- [Directions]: From the listing below, output only the lines starting at the line that has "To start out" and ending at the line that has "France, fin XIXe", exactly as they appear, ends included.

- [Records for processing]:
%%

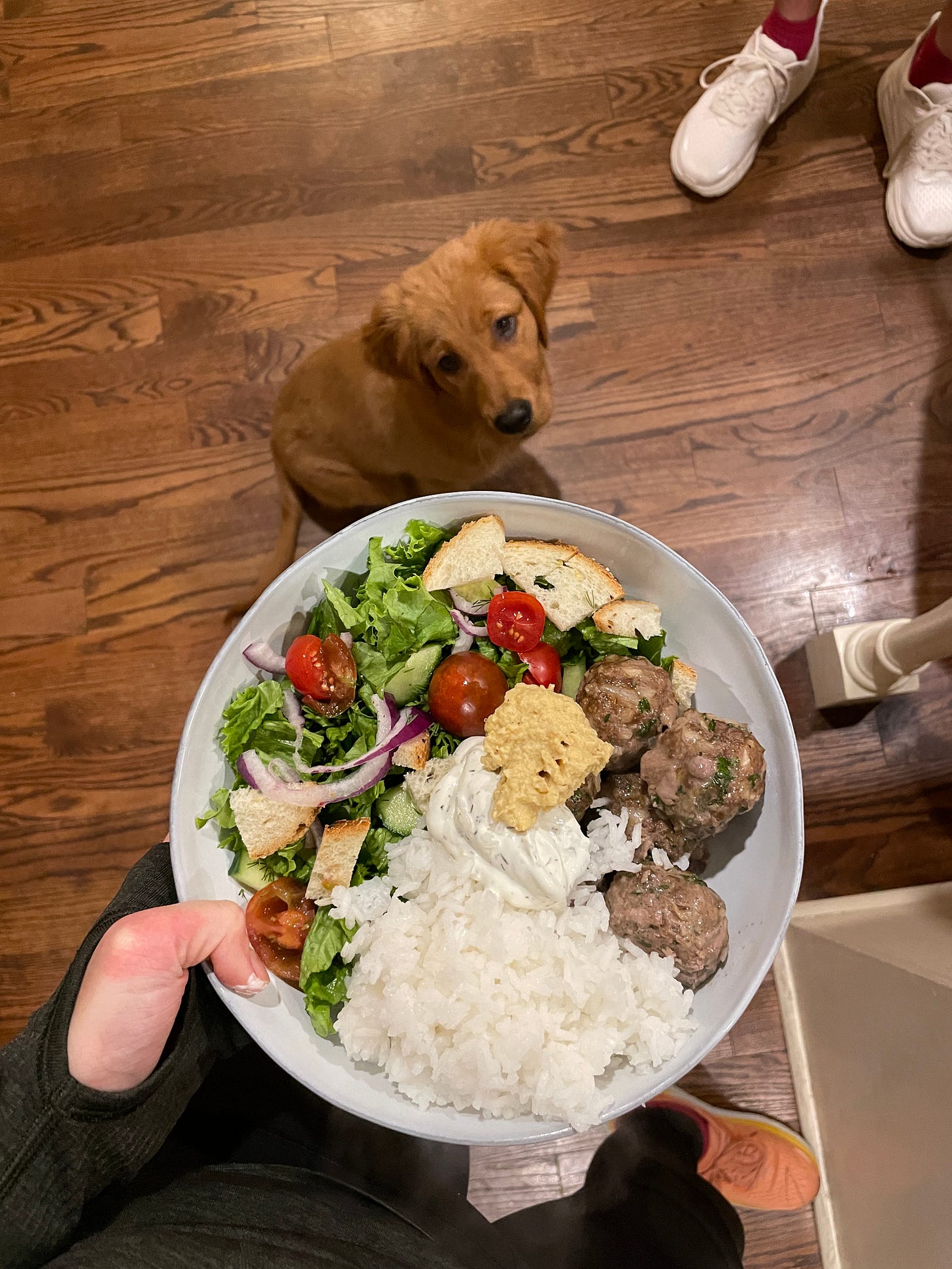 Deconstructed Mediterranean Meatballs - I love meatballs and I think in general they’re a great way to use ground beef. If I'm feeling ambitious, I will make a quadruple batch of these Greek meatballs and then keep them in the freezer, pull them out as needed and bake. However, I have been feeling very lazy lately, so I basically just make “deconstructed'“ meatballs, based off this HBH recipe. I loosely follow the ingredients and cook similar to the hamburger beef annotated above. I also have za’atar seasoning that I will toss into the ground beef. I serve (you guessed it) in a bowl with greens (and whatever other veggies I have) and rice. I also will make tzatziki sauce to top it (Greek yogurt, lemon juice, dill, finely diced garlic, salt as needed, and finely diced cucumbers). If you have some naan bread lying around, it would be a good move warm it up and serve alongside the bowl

%%
%%

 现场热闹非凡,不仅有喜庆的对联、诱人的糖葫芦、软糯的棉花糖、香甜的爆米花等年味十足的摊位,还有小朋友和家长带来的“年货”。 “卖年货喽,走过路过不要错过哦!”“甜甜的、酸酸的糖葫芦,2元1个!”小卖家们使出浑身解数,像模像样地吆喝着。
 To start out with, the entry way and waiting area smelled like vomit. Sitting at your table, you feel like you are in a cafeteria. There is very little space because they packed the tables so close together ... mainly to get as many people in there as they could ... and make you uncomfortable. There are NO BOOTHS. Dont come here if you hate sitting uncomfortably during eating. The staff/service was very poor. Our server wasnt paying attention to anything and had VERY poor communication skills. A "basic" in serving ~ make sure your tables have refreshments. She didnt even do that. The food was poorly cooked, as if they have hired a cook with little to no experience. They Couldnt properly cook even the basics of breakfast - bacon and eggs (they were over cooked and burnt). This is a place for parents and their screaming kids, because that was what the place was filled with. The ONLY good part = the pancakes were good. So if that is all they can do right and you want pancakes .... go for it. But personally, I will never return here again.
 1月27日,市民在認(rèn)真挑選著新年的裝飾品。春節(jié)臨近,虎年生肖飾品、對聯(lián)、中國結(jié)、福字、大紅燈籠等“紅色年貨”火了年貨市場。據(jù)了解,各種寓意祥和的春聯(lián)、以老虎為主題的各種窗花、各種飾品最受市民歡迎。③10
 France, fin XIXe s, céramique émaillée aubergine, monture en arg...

%%
%%

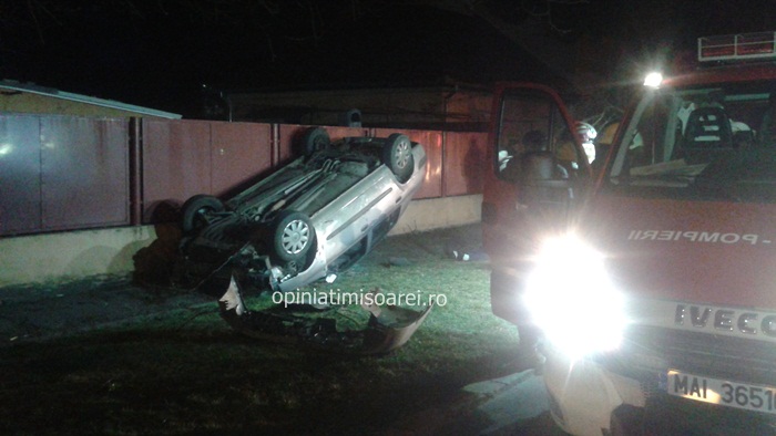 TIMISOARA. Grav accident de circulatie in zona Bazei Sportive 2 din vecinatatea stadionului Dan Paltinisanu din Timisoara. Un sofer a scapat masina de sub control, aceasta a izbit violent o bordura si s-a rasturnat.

%%

- [Response]:
 To start out with, the entry way and waiting area smelled like vomit. Sitting at your table, you feel like you are in a cafeteria. There is very little space because they packed the tables so close together ... mainly to get as many people in there as they could ... and make you uncomfortable. There are NO BOOTHS. Dont come here if you hate sitting uncomfortably during eating. The staff/service was very poor. Our server wasnt paying attention to anything and had VERY poor communication skills. A "basic" in serving ~ make sure your tables have refreshments. She didnt even do that. The food was poorly cooked, as if they have hired a cook with little to no experience. They Couldnt properly cook even the basics of breakfast - bacon and eggs (they were over cooked and burnt). This is a place for parents and their screaming kids, because that was what the place was filled with. The ONLY good part = the pancakes were good. So if that is all they can do right and you want pancakes .... go for it. But personally, I will never return here again.
 1月27日,市民在認(rèn)真挑選著新年的裝飾品。春節(jié)臨近,虎年生肖飾品、對聯(lián)、中國結(jié)、福字、大紅燈籠等“紅色年貨”火了年貨市場。據(jù)了解,各種寓意祥和的春聯(lián)、以老虎為主題的各種窗花、各種飾品最受市民歡迎。③10
 France, fin XIXe s, céramique émaillée aubergine, monture en arg...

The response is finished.